April 10, 2012

Environmental Peacebuilding on the World’s Highest Battlefield: A Pragmatic Approach to Security

Saleem Ali of the University of Vermont and author of Treasures of the Earth: Need, Greed and a Sustainable Future had a terrific piece in National Geographic Magazine on April 7 exploring the opportunities to transform the Siachen Glacier – the world’s highest battlefield – into an environmental peace park that could pay significant dividends for stability between Pakistan and India. Here is an excerpt of his article:

The death of over a hundred Pakistani soldiers due to an avalanche on April 7 has brought forth the forgotten frozen frontiers of Siachen in the news cycle. This is the world’s highest battlefield where more die of hypothermia than of battle wounds and yet no end is in sight for this senseless conflict. Seven years ago, I wrote an article for India’s Sanctuary Asia magazine on how to quell this conflict using ecological approaches.
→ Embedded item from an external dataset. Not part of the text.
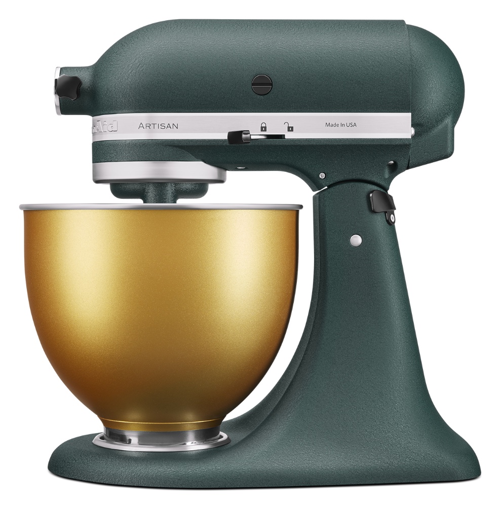 ARTISAN 5KSM156 (KITCHENAID) Adept na ikonu, nebo žijící ikona? V případě kuchyňského robotu KitchenAid to je přinejmenším zapeklitá otázka. Jeho první předchůdce vzniknul už v roce 1908 a úspěšně sloužil profesionálním pekařům. Jeho nástupce pro domácí použití to ale neměl zdaleka tak jednoduché. Prosadil se až v roce 1927 pod označením Model G a zabydlel se i v domácnostech hvězd – jeden takový měl i Henry Ford. Jako zlomový se však ukázal až rok 1936, kdy mu designér Egmont Arens vtiskl tak nadčasový design, že se jím s radostí kocháme dodnes. Dnešní KitchenAid Artisan dělá svým předkům čest. Kromě atraktivní podoby v nepřeberném množství barevných provedení k tomu využívá i planetární systém míchání. Kuchyňský robot Artisan 5KSM156 (KitchenAid), limitovaná edice v lahvově zelené barvě s nerezovou mísou zdobenou zlatou barvou, cena 18 190 Kč, WWW.POTTENPANNEN.CZ

This was a very practical solution modeled after the Antarctic treaty, which erstwhile adversaries such as the United States and the Soviet Union signed at the height of the Cold War. As the world’s longest non-polar glacier, Siachen has particular importance for science and since this region is not habitable by humans, there is little value in terms of useful real-estate. In the age of military drones and cyber warfare, coupled with a massive nuclear deterrent, the strategic value of Siachen is also very limited. This is the most hostile border to cross and is clearly not on the priority list for terrorist infiltration! Contrary to popular opinion in both India and Pakistan, incursions such as the Kargil episode also have no connection to strategic advantage over Siachen. Even if troop deployments now extend across the full range, such deployments are malleable and the cooperative monitoring system proposed in various peace plans could easily assuage concerns of security on both sides.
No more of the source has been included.